PETER LUND (Parte 2)
1 de março de 2026O RETORNO À DINAMARCA PARA NOVOS ESTUDOS E A VOLTA DEFINITIVA PARA MINAS GERAIS.
Peter Lund fez duas viagens ao Brasil. A primeira entre 1825 e 1829, pelo seu grande interesse nos estudos de Botânica e de Zoologia. Estabeleceu-se no Rio de Janeiro, mas fez várias expedições pelo interior do País. Voltou para a Dinamarca em 1829, para se aprofundar nos estudos. Doutorou-se pela Universidade de Kiel e retornou ao Brasil, em 1833 para não mais voltar à Europa.

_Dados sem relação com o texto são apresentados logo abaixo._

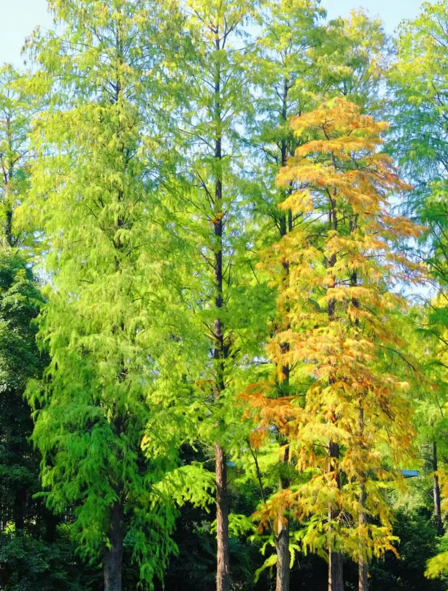 水杉的倒影不是简单的复制,而是水波对现实的再创作——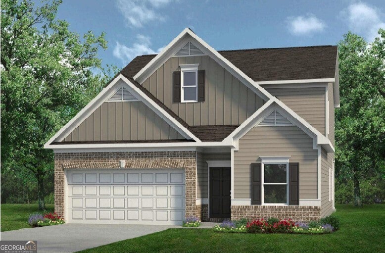 Move in Ready October 2025! The Caldwell plan, located in Garrett Preserve by Smith Douglas Homes! This home is a great choice for those needing a first floor Owner's Suite. The hub of this home is the centrally-located family room with a modern linear fireplace as the focal point. The adjacent kitchen is ideal for entertaining, the chef in the family doesn't miss a thing! Quartz countertops, upgraded 42" upper cabinets for extra storage this kitchen is a cook's dream! Grilling is ideal on the covered rear patio and a separate dining room is perfect for more formal gatherings. The laundry room is convenient and just steps away from the primary suite that is highlighted with a tray ceiling. Vinyl plank flooring throughout the main living area offers a seamless transition from room to room. The second floor has two guest bedrooms, a shared full bath and a loft. Both stories have Smith Douglas Homes signature 9ft ceiling heights. Photos representative of plan not of actual home being built. Seller incentives with use of preferred lender.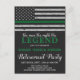 Ligne verte mince Invitations militaires de retraite. Célébrez des années de service dévoué, votre retraite militaire et vos amis et votre famille invitations à votre fête militaire avec cette invitation à la retraite à drapeau mince rustique. Etats-Unis Drapeau américain dans les couleurs du drapeau militaire, noir vert blanc usé design. Consultez notre collection pour obtenir des cadeaux de retraite, des faveurs pour les militaires et des fournitures. DROIT D'AUTEUR © 2021 Judy Burrows, Black Dog Art - Tous droits réservés. Retraite militaire Mince Ligne verte Flag Party Invitation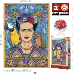 Puzzle elegant cu motivul iconic FRIDA KAHLO, o alegere ideală pentru toți iubitorii de artă și provocări. Datorită celor 1500 de piese vă veți bucura de ore îndelungate de distracție și de satisfacția unui proiect finalizat.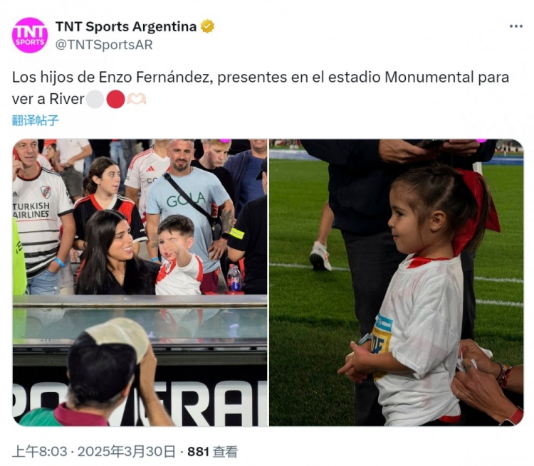 3月30日訊 河床對陣羅薩里奧中央的比賽正在進行中,恩佐-費爾南德斯的女友瓦倫蒂娜現(xiàn)場觀看比賽。瓦倫蒂娜帶著孩子們來到紀(jì)念碑球場,現(xiàn)場觀看河床隊的比賽。恩佐出身于河床青訓(xùn),他與瓦倫蒂娜去年曾分手,兩人今年1月份宣布復(fù)合。 本文標(biāo)簽: 足球 英超 切爾西 阿超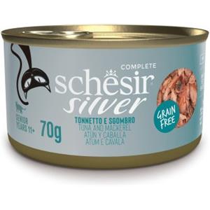 Schesir Silver Senior Cat Cibo Umido Tonno e Sgombro - Lattina da 70 g per Gatti dai 11 Anni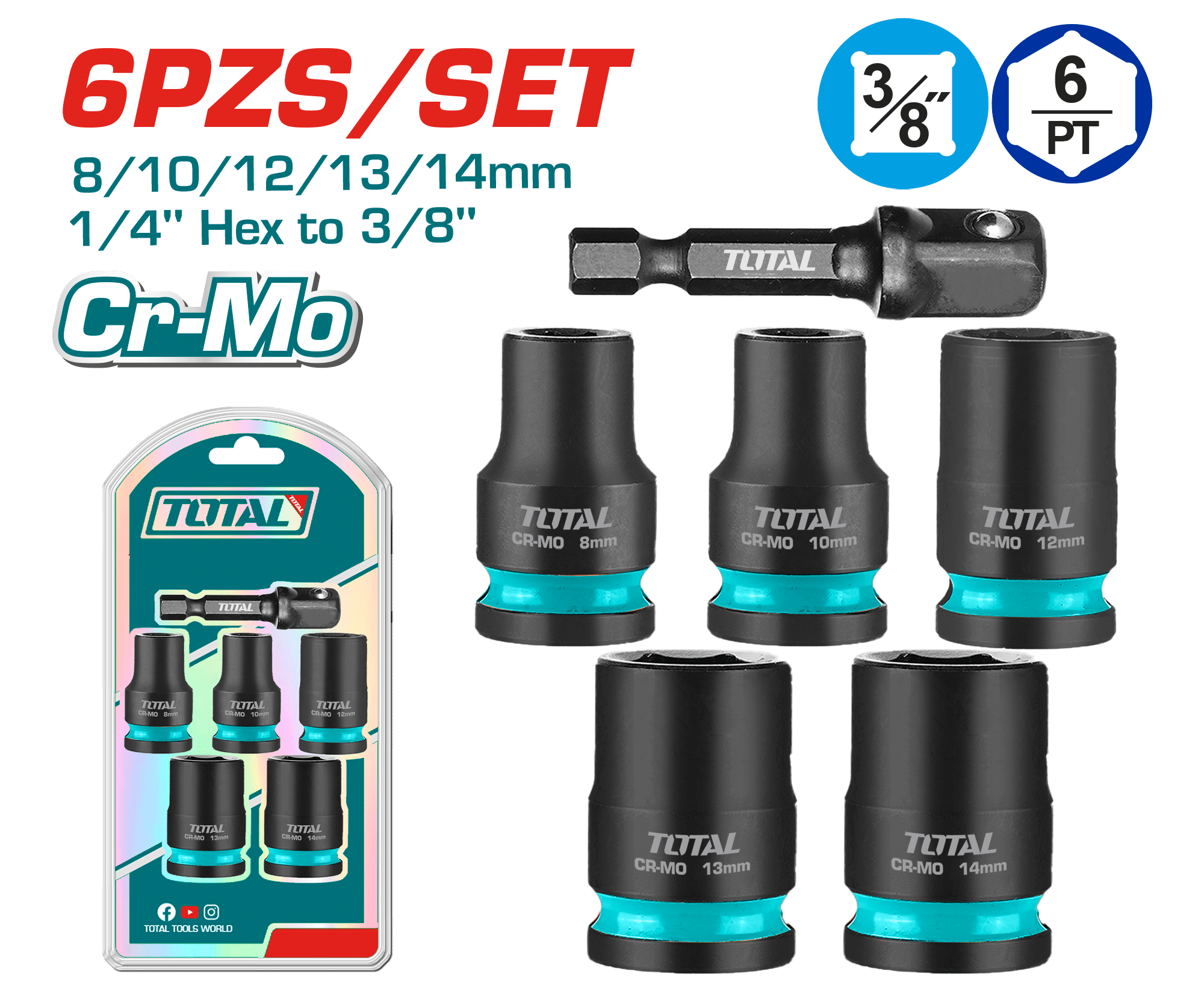 | Accesorio | 5 dados de impacto 3/8"DR: 8/10/12/13/14mm – 1 adaptador de impacto de 1/4" Hex a 3/8" |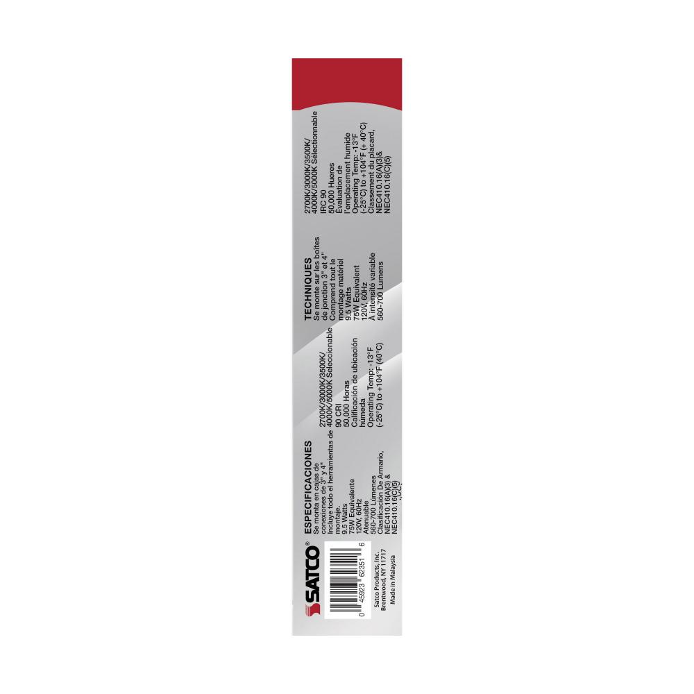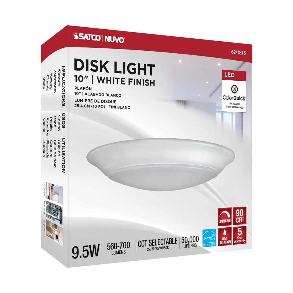 Introducing SATCO NUVO 62-1815, a 10-inch customizable lighting solution with CCT selectable options from 2700K to 5000K. This 9.5-watt fixture comes in a white finish and features a high CRI of 93 for exceptional color accuracy. It offers 2.5kV surge prot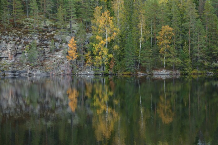 Då jag kom tillbaka ner från berget så hade dimman lättat och man kunde se de fina höstfärgerna spegla sig i sjön.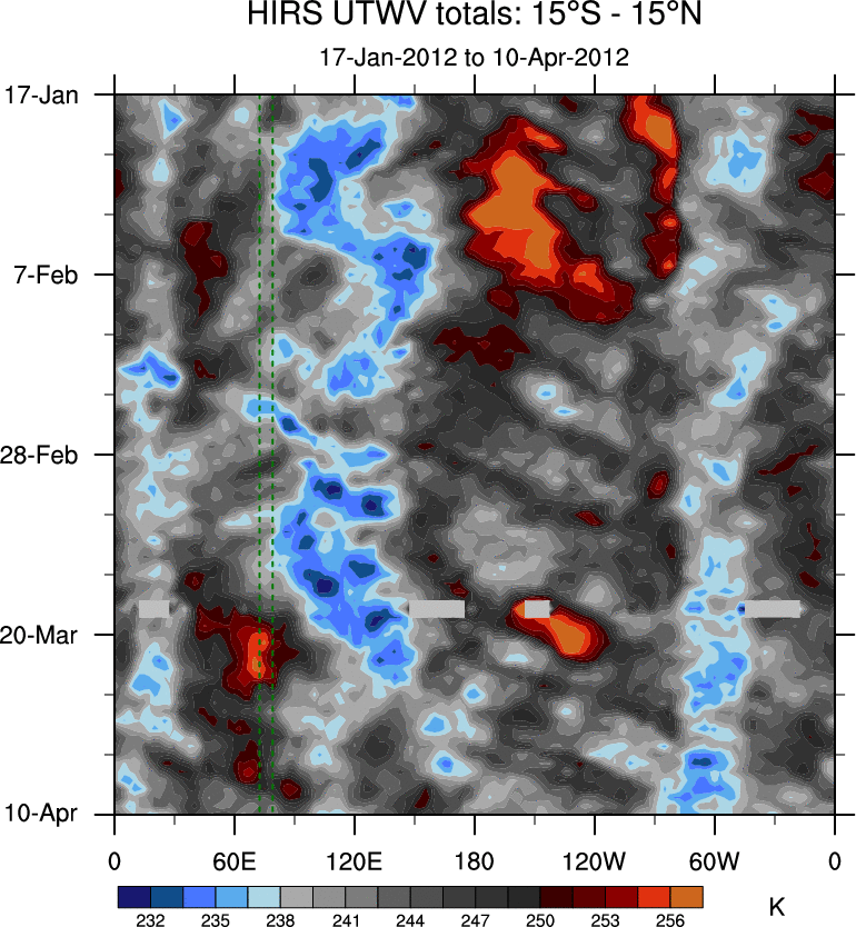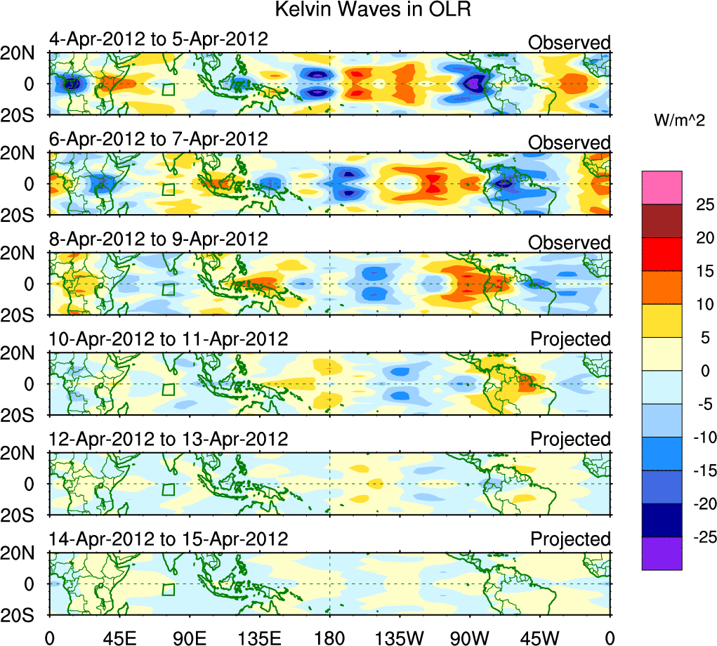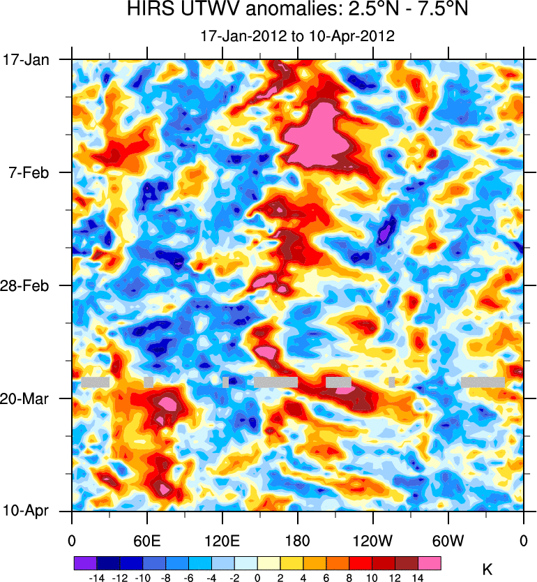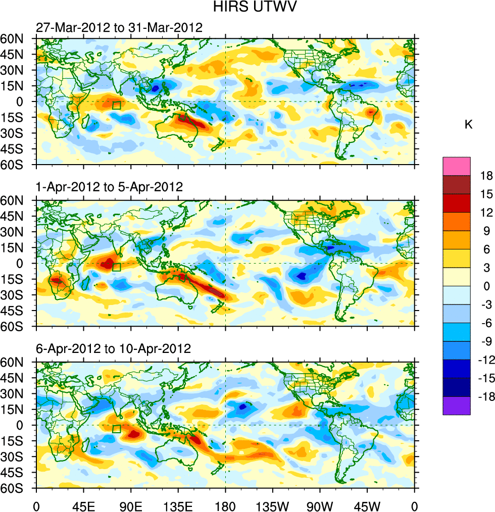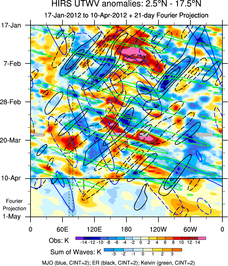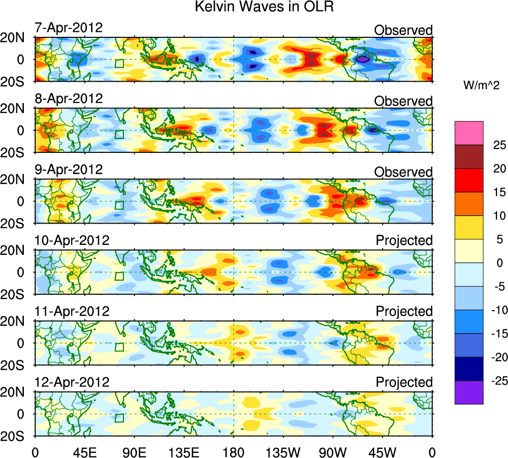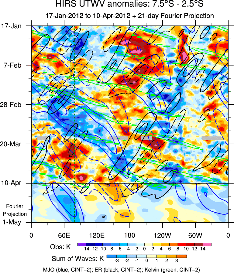 To identify tropical waves in near real-time, the OLR and UTWV data are filtered following Wheeler & Weickmann (2001 MWR). The daily anomalies are calculated using the first 3 harmonics of the seasonal cycle for 1979–2009. Missing values are then filled using linear interpolation in space and time. The most recent 365 days of anomalies are padded with 659 days of zeroes, and the result is filtered for each wave type.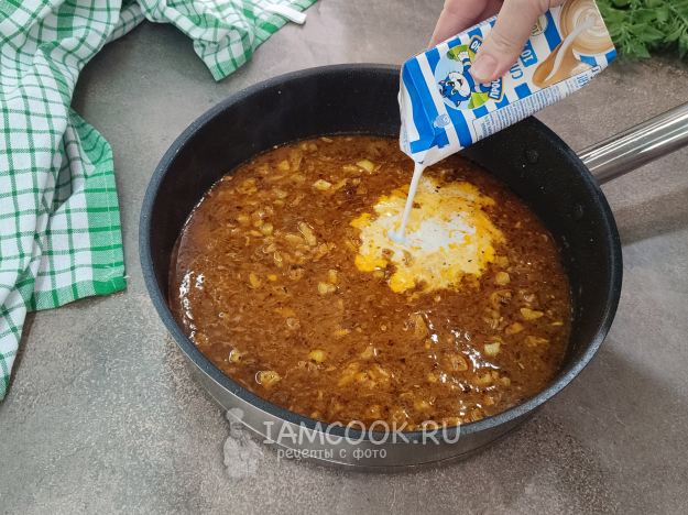 Добавьте сливки, проварите пару минут на слабом огне.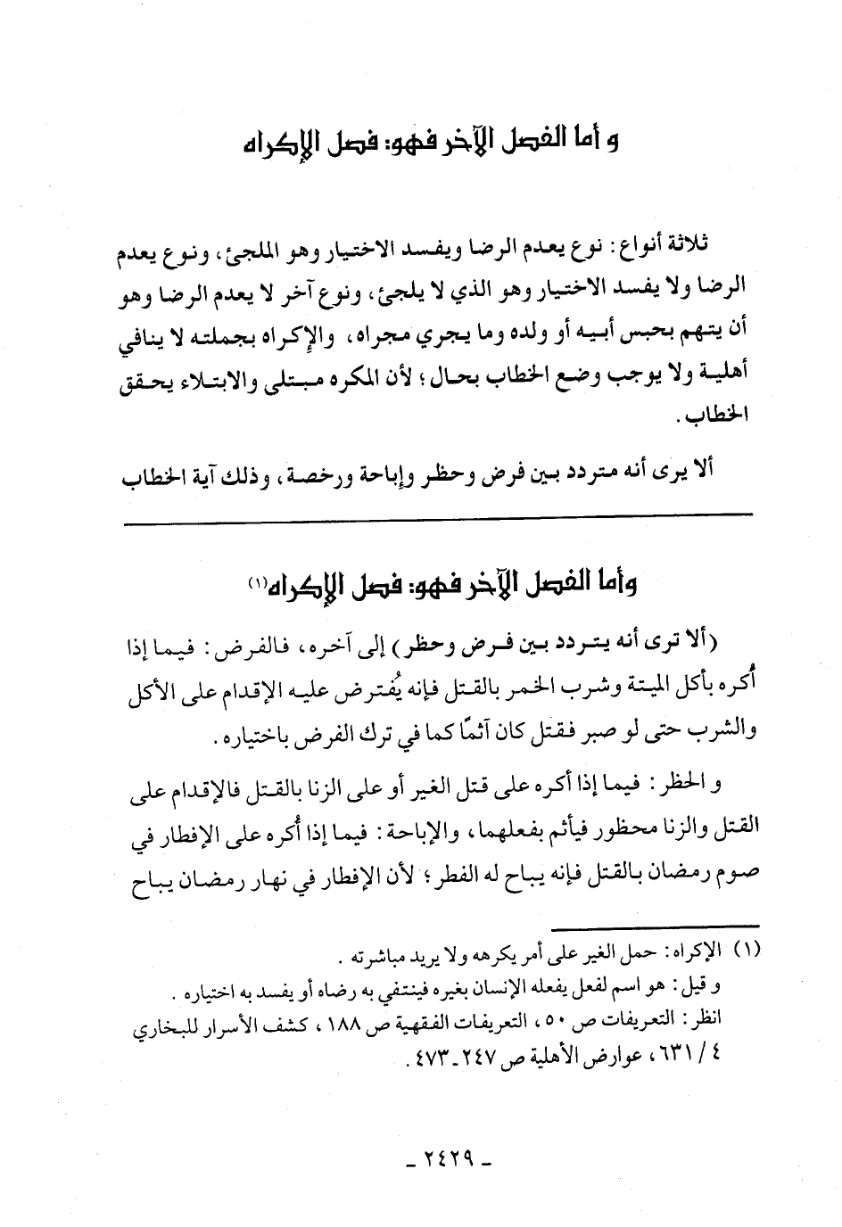 وأما الفصل الآخر فهو: فصل الإكراه

Na sua primeira viagem ao Brasil, entre 1825 e 1829, Peter Lund evita o Rio, pois a vida social e o calor impedem seus estudos, e hospeda-se em Niterói, com a mesma família francesa que recebera Saint-Hillaire alguns anos antes. Viajou para Nova Friburgo, onde permanece alguns meses. Lund deixou registrado:
“Para chegar lá levamos quatro dias cavalgando de manhã até a noite. Atravessávamos rios com a água subindo até a cintura em uma forte corrente e sobre pedras lisas arredondadas com que o fundo era coberto, tornando tremendamente difícil controlar os cavalos. Logo à frente, os cavalos tinham que enfrentar uma légua inteira dentro do lodo com a lama subindo até os seus quartos. O último dia foi especialmente difícil, quando tivemos que atravessar uma cadeia de montanhas de 6.000 pés de altura”.
Depois de uma temporada em uma fazenda de nome Rosário, mais no interior, retorna para o povoado de pesca Taipu, na região do Rio, para preparar seu regresso à Europa.
Diz Peter Lund: “É impossível explicar os diferentes tipos de sentimento, a quase alegria misturada com uma melancolia impronunciável que me invadia quando, sob a brisa refrescante após o pôr-do-sol, acabávamos o trabalho do dia deitando-se em nossos couros de boi, enquanto o puro céu estrelado livre de qualquer interferência humana lançava o seu manto gelado sobre as nossas cabeças. Vozes noturnas em incessante variação ressoavam de florestas nas proximidades, e os seus tons misteriosos provocaram surpresa e temor, mantendo-me acordado por diversas horas até que o farfalhar das folhas de buriti me fizessem cair no sono, do qual eu só despertaria graças ao som de milhares de pássaros cantando a alvorada”.
A VIAGEM DEFINITIVA DE LUND AO BRASIL
Ainda em Paris, Lund começa a questionar sua transferência para algum lugar de clima mais quente, para fugir do frio nórdico que causara a morte precoce de dois de seus irmãos. Depois de uma temporada em Paris e de um curto período no aconchego familiar.
Outro fato leva Peter Lund a retomar suas pesquisas no Brasil. Ele é procurado pelo botânico alemão Ludwig Riedel, que acompanhara Langsdorf em uma trágica expedição até a Amazônia. Riedel, que abrasileirou seu nome para Luiz e casou-se por aqui, convida Lund para uma expedição pelo interior do Brasil.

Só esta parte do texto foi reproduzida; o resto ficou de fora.